What Claude Code generated, paraphrased:

// src/middleware/auth.ts
import { logRequest } from "../logging/logger"

export function withAuth(handler: Handler) {
  return async (req, res) => {
    logRequest(req)  // ← real
    if (!req.session) {
      return res.status(401).json({ error: "unauthorized" })
    }
    // …
    return logResponseTime(req, res, handler)  // ← INVENTED
  }
}
Enter fullscreen mode Exit fullscreen mode

logResponseTime does not exist. It has never existed in this codebase. The agent generated a call to it because (a) the surrounding code talks about logging, (b) function names like logResponseTime exist in millions of public repos, (c) the model's training data has a strong prior that "logging middleware should also log response time."

The actual function in our codebase is called recordLatency, which the agent never used in any of the four files it edited.

I rolled back, ran the same task again, and got trackRequestDuration and emitTimingEvent — also fake. Three runs, three different invented names. The agent was confident each time.

This is the load-bearing failure of every AI coding agent on a repo larger than its context window: the model treats your codebase as if it were a representative sample of the training corpus.

Why grep alone doesn't fix it

Cursor's @codebase, Claude Code's grep tool, plain ripgrep — all of them work in principle. The agent can search before it writes. In practice, it almost never does, for two reasons.

Cost. A single grep call against this repo returned 14,200 input tokens (we measured). Across the four files in this task the agent would have needed roughly 8 grep calls to be confident. That's ~$1.40 per task at Claude Sonnet's input rate, just for exploration. Multiply by 50 tasks a day. Engineers feel this — agents respond by doing fewer searches and guessing more.

Bias. Grep returns lexically matching strings. It doesn't tell the agent which results are load-bearing — which functions are central to the call graph and which are utility code touched once. The agent reads the first three results and stops, which on a 4,000-file repo is almost always wrong.
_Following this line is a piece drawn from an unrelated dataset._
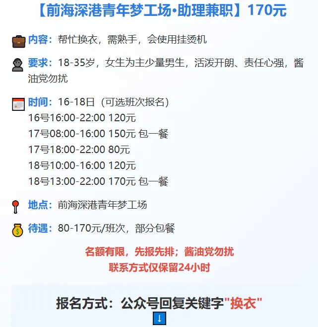 >【深圳兼职】深港青年梦工场·助理兼职丨薪资170元,帮忙换衣,需熟手,会使用挂烫机,女生为主少量男生.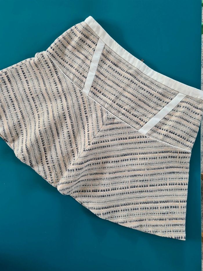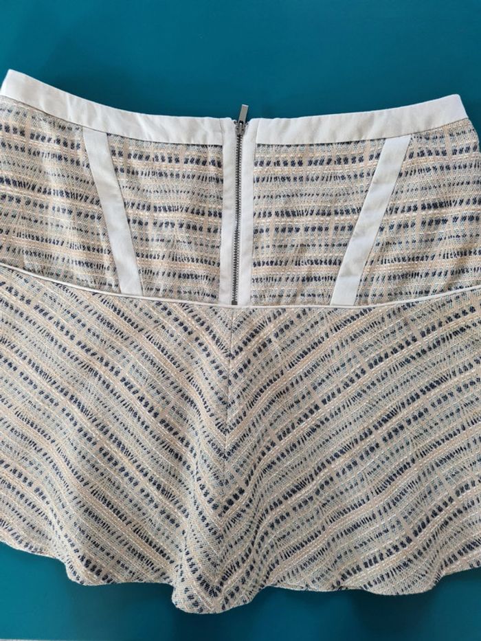 Comme neuve portée 1 fois Très bonne qualité Jupe doublée - détails en fil pailleté doré Fermeture éclair dans le dos Payée 70€ en boutique Taille 40 - taille normalement Hauteur de la taille au bas de la jupe 42 cm Jupe plutôt courte si vous êtes grande

Recall. Grep matches identifiers. It doesn't match concepts. If you ask "what handles request timing in this repo?" grep can't answer. Embedding-only search can, but embedding-only search returns ranked-by-cosine results that are often wrong on code (logResponseTime and recordLatency are nearly cosine-identical; the second is correct only because of where it sits in the call graph).

The honest answer is that grep, embeddings, and graphs each fail in a different way. You need all three signals plus a way to combine them, exposed to the agent as MCP tools so it actually uses them.

What I did instead

I installed Sverklo, a local-first MCP server for code intelligence. (Disclosure: I wrote it.) The 60-second pitch:

npm install -g sverklo
cd your-project && sverklo init
Enter fullscreen mode Exit fullscreen mode

sverklo init auto-detects your AI coding agent (Claude Code, Cursor, Windsurf, Zed) and writes the right MCP config. It indexes your repo with tree-sitter, builds a call graph, computes a PageRank-ranked symbol importance score, and generates ONNX embeddings — all locally. Your code never leaves the machine.
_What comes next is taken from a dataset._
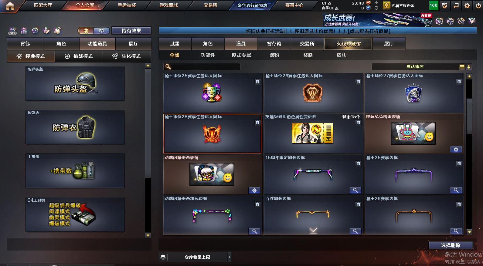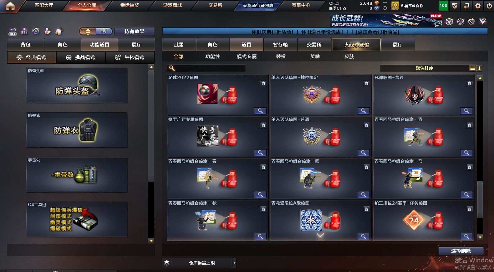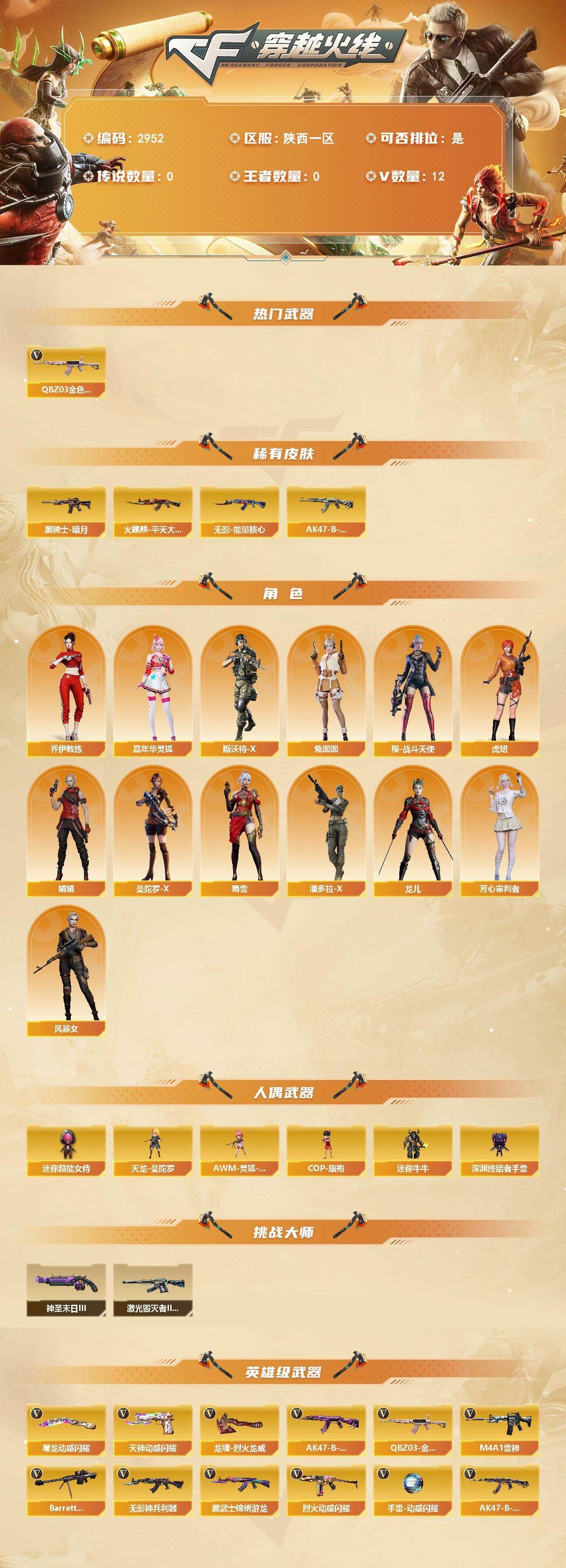可二次可排位 陕西一区-12V-0王者武器数-0炫金武器数【热门武器】:QBZ03-金色蔷薇【皮肤】:火麒麟-平天大圣,黑骑士-暗月,无影-能量核心,AK47-B-常胜将军-刘备【角色】:乔伊教练,芳心审判者,风暴女,虎妞,嘉年华灵狐,娟娟,龙儿,曼陀罗-X,潘多拉-X,斯沃特-X,蜀雪,兔囡囡,樱-战斗天使【人偶武器】:天龙-曼陀罗,AWM-灵狐-15周年嘉年华,COP-旗袍,迷你牛牛,深渊终结者手雷,迷你超能女侍【挑战大师】:激光毁灭者III-白马银枪,神圣爆裂者-末日III【英雄级武器】:M4A1-雷神,无影-神兵利器,黑武士-锦绣游龙,QBZ03-金色蔷薇,烈火-动感闪耀,AK47-B-战神,AK47-B-常胜将军,Barrett-毁灭,天神-动感闪耀,屠龙-动感闪耀,龙啸-烈火龙威,手雷-动感闪耀【源级武器】:源·火麒麟,御·黑龙-龙太子,源·雷神,魂·雷神-维纳斯,魂·雷神-新春神龙,魂-雷神-萌杀,魂·雷神-15周年嘉年华,魂·雷神-萌柴,御·雷神-机甲刑天*2,御·雷神-烈虎*3,M4A1-十二生肖·龙-雷神,源·黑骑士,魂·黑骑士-现代金属*3,魂·黑骑士-幻能朋克*3,魂·黑骑士-破浪10年*4,魂-死神-机甲核心,魂·黑武士-锋芒破茧,源·天启,源·武圣*4,魂·龙血-锋芒破茧*2,M4A1-青龙-掌上穿越火线,源-金色蔷薇,魂·QBZ03-金色蔷薇-萌杀,源·玫瑰精灵*2,源-极光,AWM-裁决-百城联赛天津,魂·裁决-凤灵,魂·裁决-新人王绿豆*2,魂·裁决-羽掣,源·毁灭,魂·毁灭-航天科技*2,魂·毁灭-秦师,魂·毁灭-青帝*3,魂·毁灭-神秘黑洞,御·毁灭-黑大圣,魂·Barrett-朱雀- 新春神龙,源·Barrett-朱雀,灵·Barrett-朱雀-炫光,魂·炼狱-玩具枪,魂·炼狱-月*2,魂·炼狱-蒸汽钟表,御·炼狱-女娲*2,魂·修罗-15周年嘉年华,魂·修罗-神兵利器,魂·修罗-现代金属,源·天神*2,魂·天神-阿努比斯,源·武圣glock*2,魂·屠龙-都是Cfer,魂·擎天-破浪10年,源·擎天-萌杀*2,源·龙啸*2,魂·麒麟刺-神秘黑洞【道具】:全能枪王背包,夺命之镰,防化服,金色流光-枪王排位*2,星辰流光-枪王排位,枪王排位28赛季金色流光,电玩兔兔表情,动感闪耀表情,EP战队名片,防弹头盔*6,防弹衣*6,C4工具钳*6,手雷包*6各种道具详情看截图、低价出售找回包 赔、截图展示段位不代 表实际段位,如赛季更新等不可抗拒因素发生变化、时限道具不保证所剩时间、标题未写送点劵默认不送【卖号买号首选亿梦】

The agent now has 37 extra tools alongside grep:

  • sverklo_search — hybrid BM25 + embedding + PageRank ranked search
  • sverklo_lookup — exact symbol definition by name
  • sverklo_refs — every reference to a symbol (call graph, not just textual)
  • sverklo_impact — recursive blast-radius (transitive callers)
  • sverklo_audit — god classes, dead code, security patterns
  • sverklo_remember / sverklo_recall — bi-temporal memory pinned to git SHAs
  • …and 30 more

For the rename task above, the agent's first move now is sverklo_lookup logRequest. That returns the canonical definition with file path and line number, ranked by PageRank importance. Then sverklo_refs logRequest returns every reference in the call graph, including the indirect callers grep would miss. The agent edits exactly the right files. No invented function names.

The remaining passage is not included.